# Bye Bye Rumba Bumba



## Melissa Miller (Aug 2, 2006)

So today I put Rumba on the Puppy Transport. The first class puppy transport 
( aka Lois) (who doesnt take frequent puppy rider miles) is taking him back home to Jan. He was staying with us for a while in order to find his new home. The owner who had him, had a heart attack, and he was sent back. 

I honeslty thought he would not be here long at all, he is such a doll baby. But he was.( Well only a month) I learned a lot while he was here. Between Joan and Jan, there were a few home options, but people wanted a "puppy". HE IS FOUR MONTHS OLD! He is a puppy! One person kept referring to him as the "OLDER" dog. 

Rumba is tiny. He is close to the size of Stogie when I brought him home. 
He is more potty trained than when he got here. So I guess I dont get it. 
People want a dog, you usually get to take a puppy home at 10-12 weeks. Which is almost 3 months. But at 4 months, they somehow become an "older" dog? You plan on having a dog for 15+ plus years yet, 3-4 weeks age on a dog puts him out of your league? 

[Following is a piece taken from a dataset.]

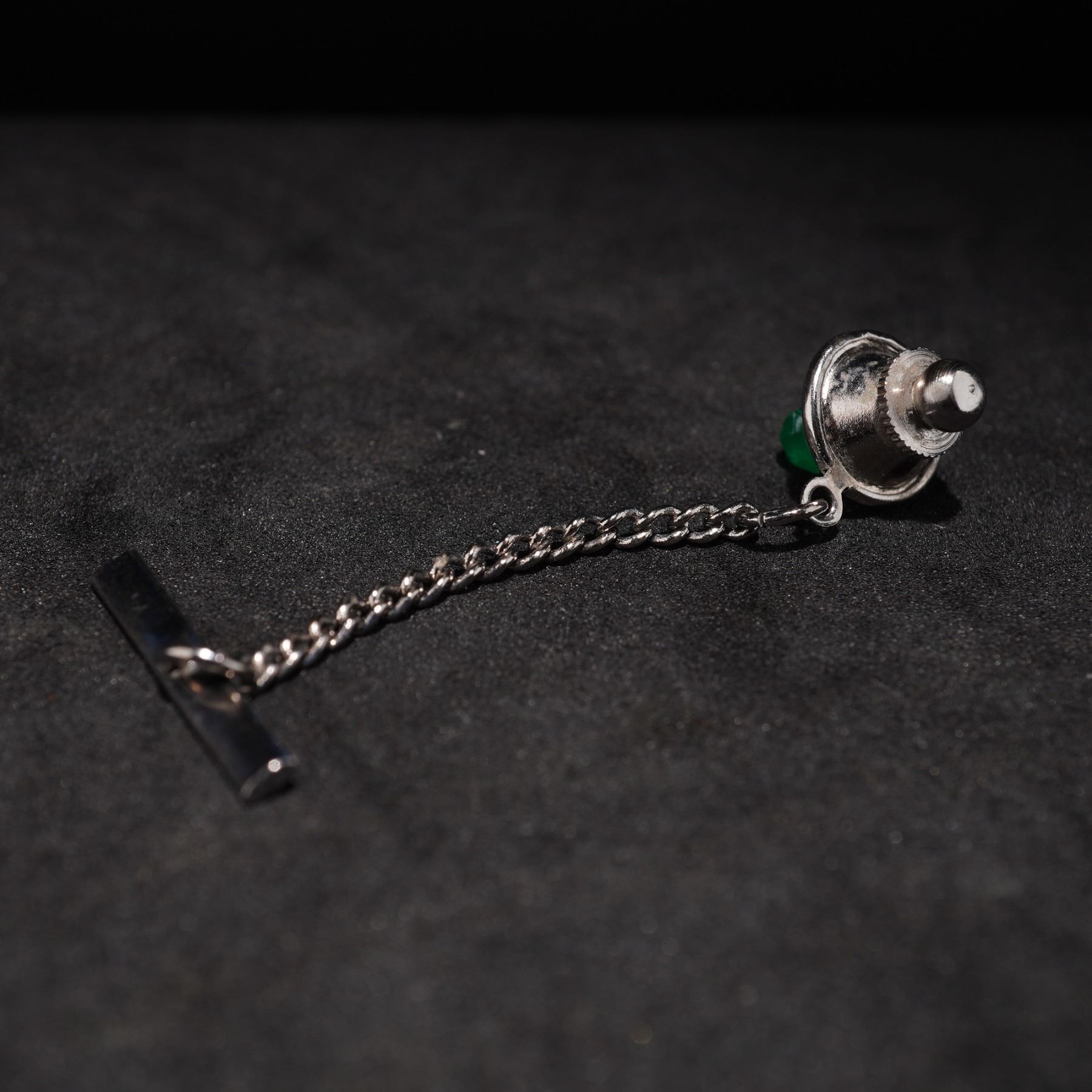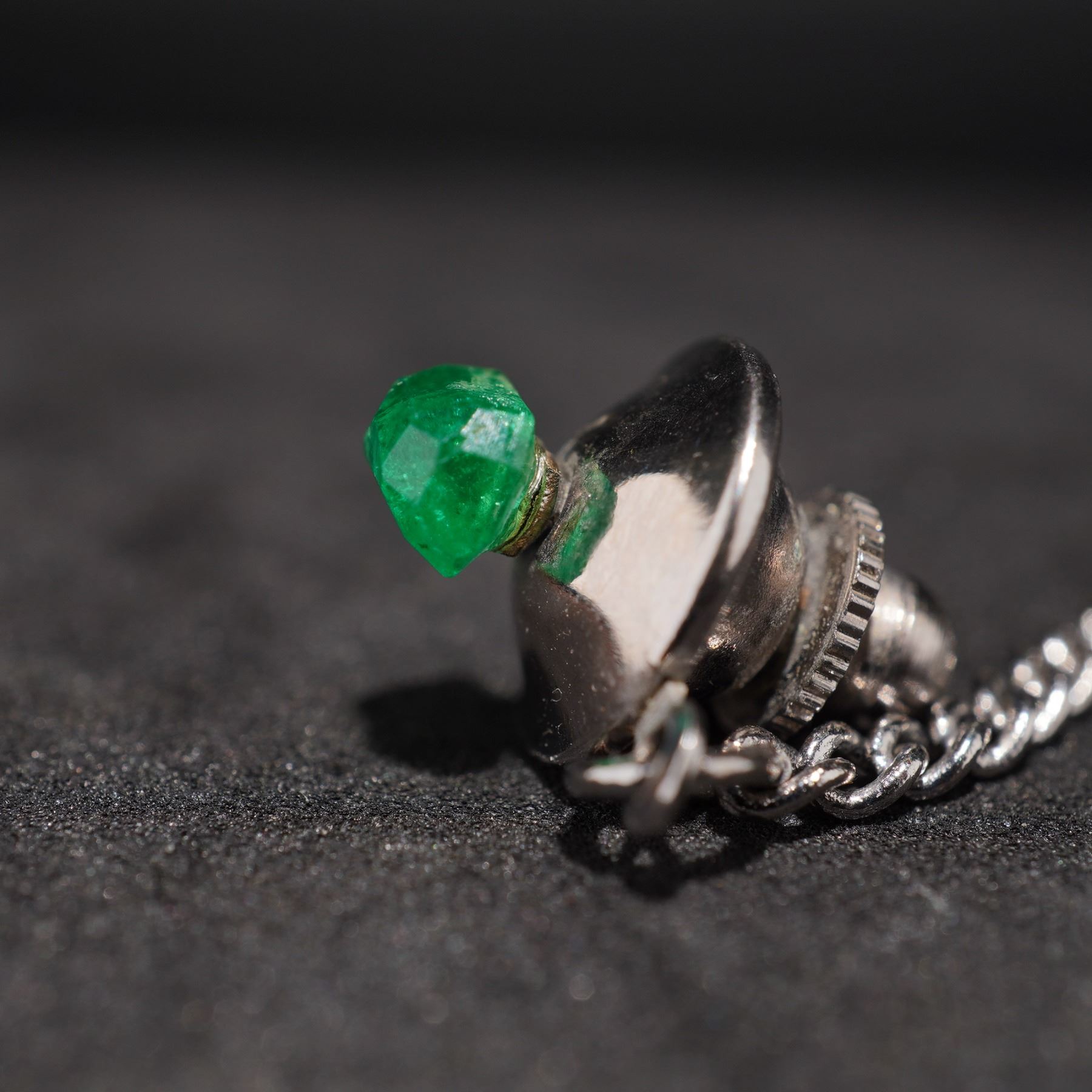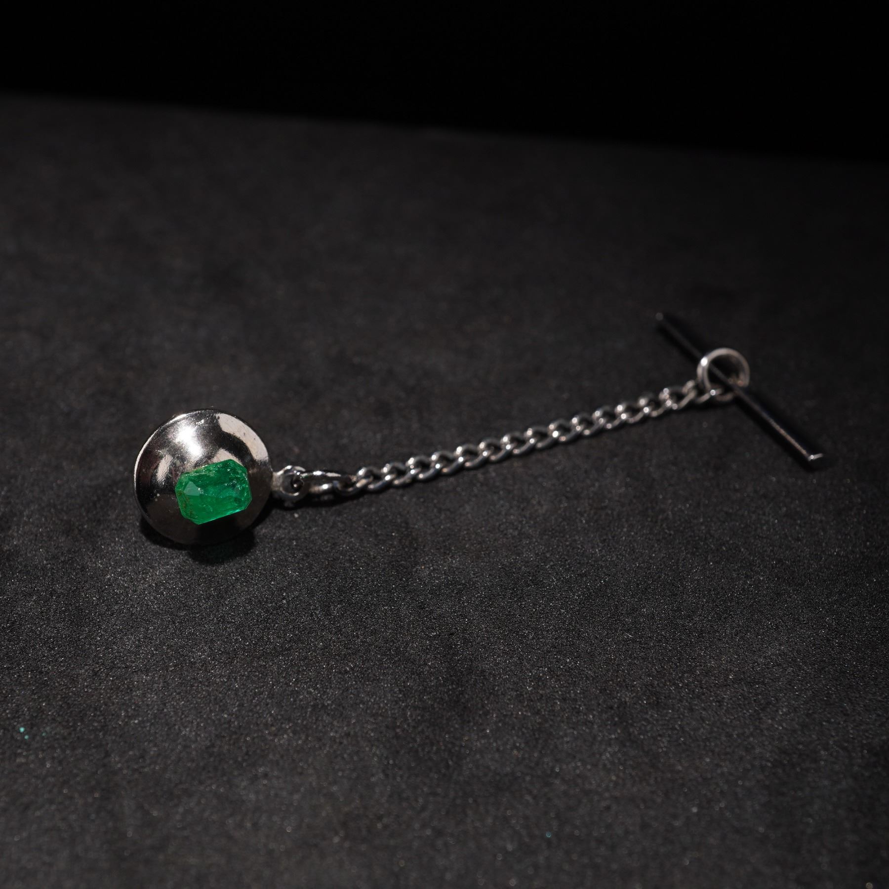 Silver-tone metal tie tack set with a faceted emerald showing surface-reaching inclusions. The stone displays natural internal features visible under magnification. Attached chain and bar fitting in matching finish. Weight: 2.3 g. Estate of Charles H. McCollister, a world traveler known for his connections with notable figures.

He is a puppy! He smothered me in kisses, he hung off the end of my robe every time I walked, he has so much energy and took off running for no reason. A bundle of personality. A PUPPY!

I cant have three dogs, Tom and I travel and we cant fly with three. I am a two dog home or I would have kept him. I wanted to open up the conversation about what is a puppy? 
Do other people find it hard to place dogs once they get past a certain age?
I dont get it! 

He is the exact reason I have always said I would never have kids naturally, that I would always adopt. I just dont get how little guys get forgotten, and because your not a newborn, your not wanted. Granted I got both of my dogs as small puppies, I was never presented an alternative, or I would have pounced!


This post was NOT intended to advertise Rumba, he has a couple of options that may pan out. It was to say goodbye to my little pal who left today. And since it is my forum, I can do that. 
Between watching Rumba and Maverick when he stayed with us, I gain a lot of respect for breeders. Its hard to take care of these guys and then watch them go. Even when it has to be. 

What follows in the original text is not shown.